Удар. А-а. Как больно. Нет, надо подождать. Немного повременить, но если я сейчас я остановлюсь, то эта боль меня с ума сведет. Тело ноет. Из живота бежит кровь. Что я задел? Так неглубоко. Это царапина. Всего-то царапина. Не хочу трогать. Надо накрыться одеялом, чтобы не видеть, как я меняюсь. Мне кажется, что я начинаю пахнуть. Да, как трупп. Я не хочу этого понимать. Еще удар. Нет, мимо. Попал в плечо. Только не в руку. Сейчас руки откажут, и я буду истекать кровью. Глупая смерть. Слишком долгая. Еще удар. А-а, я теряю сознание. Я крикнул. Зачем. Это от боли. Я не хотел. Никто не должен сюда зайти. Да и никого и нет. За окном пьяные веселые голоса, соображают куда пойти, вспоминают всех знакомых женщин. Вот так и я лежу в кровати, забываю о том, кто я, забываю о тех, кто мне дорог. А они все равно обо мне иногда вспоминают. Пока я жив, помнят. Совершу это, забудут. Был такой, как его…и только спустя некоторое время – год, два, мое имя будет звучать у всех на устах. Я буду рядом с Мейерхольдом. Я не ученик, я никогда не был подмастерьем, мне не нравится прислуживать большому бренду. Я сам бренд….
Я очнулся, тело болит. Я еще жив. Потерял сознание. Не так просто умирать, как сперва показалось. Я думал, что я слаб, а тут меня не отпускает старуха-жизнь. Туман. Как пьяный. Нужно еще. В таком состоянии легче продолжить. И…на, получай. Мне смешно оттого что я бью себя. И еще, еще. Спазм. Руку свело. Она не может остановиться.

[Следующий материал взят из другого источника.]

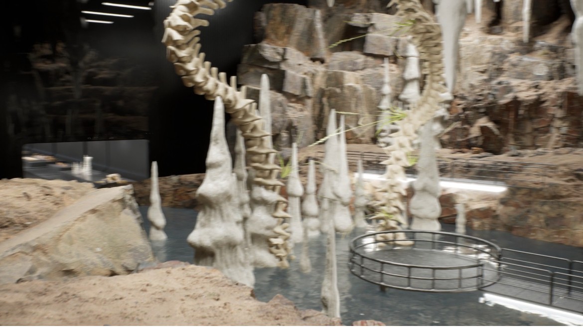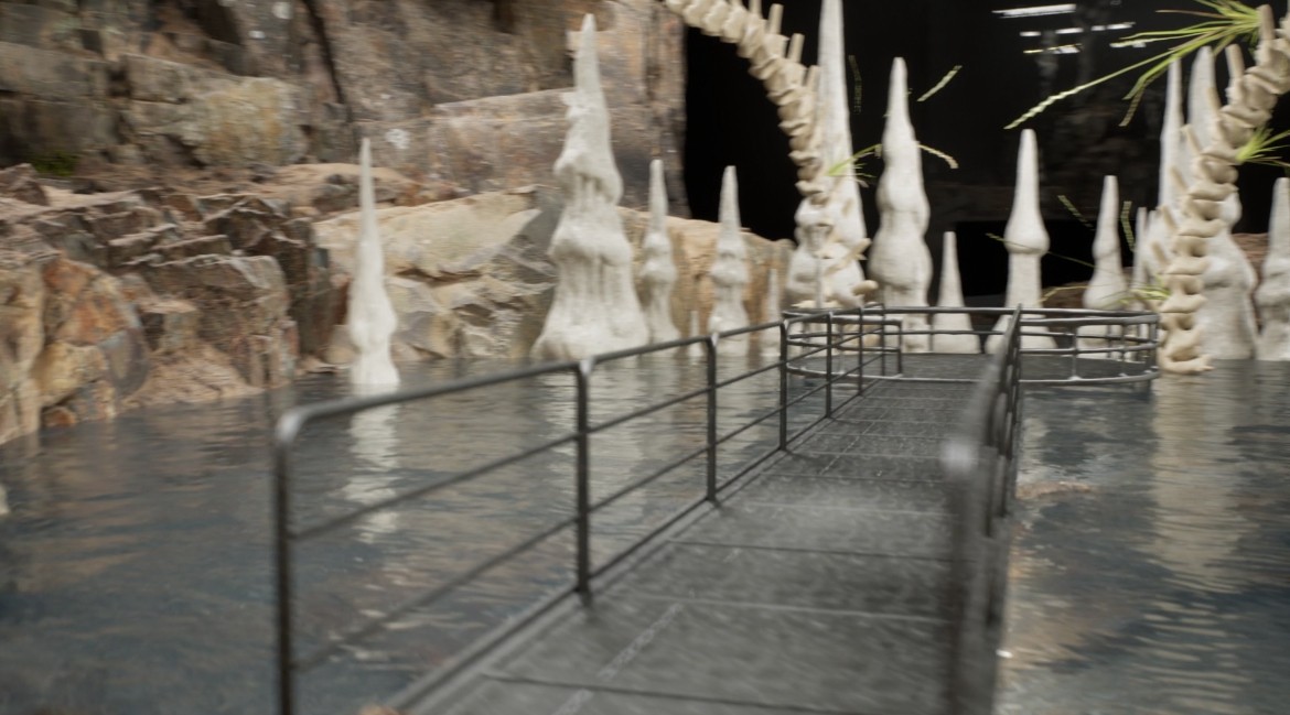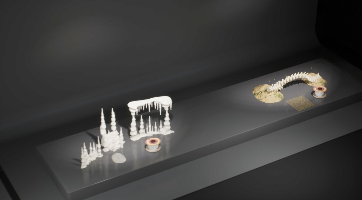Stalagmites – Are rising and falling organically from the cave floor/celling and are made of a bioengineered bacterium-based material. This innovative substance slowly disperses over time, contributing to the ecosystem. The bacteria release minerals and nutrients as they degrade, creating a fertile environment for subterranean ecosystems to develop.

Какая сумасшедшая боль. Слишком слабые удары. Я-то понимаю. Хорошо, когда это сразу. Одним ударом. Но мне кажется, что это не понадобится. Кто-то стучит в дверь. Мне кажется… она скрипнула, я слышу шум поезда. Я отсюда уезжаю, уезжаю. Я дождался этого.
Послесловие
Его обнаружили не к обеду, а утром. Постель была красной от крови. Он умер за пятнадцать минут до прихода Сергея и Маши. Спектакль прошел удачно. Про то, что он умер, никто не сказал ни слова. Они решили это утаить. Об этом я узнал у одного местного старожилы, в прошлом актера. Я плакал. Мне казалось, какой дурак, так просто распрощался со своей жизнью, а потом я понял – он не мог поступить иначе. Именно здесь он и должен был уйти. По-другому этот блокнот не может дописан. В нем еще есть пара страниц, но эти страницы он оставил пустыми. Только обычные люди умирают, дописывая свою жизнь на обложке. Им не хватает места. Это с позиции молодого человека, имя которого так и осталось для меня загадкой, было верно.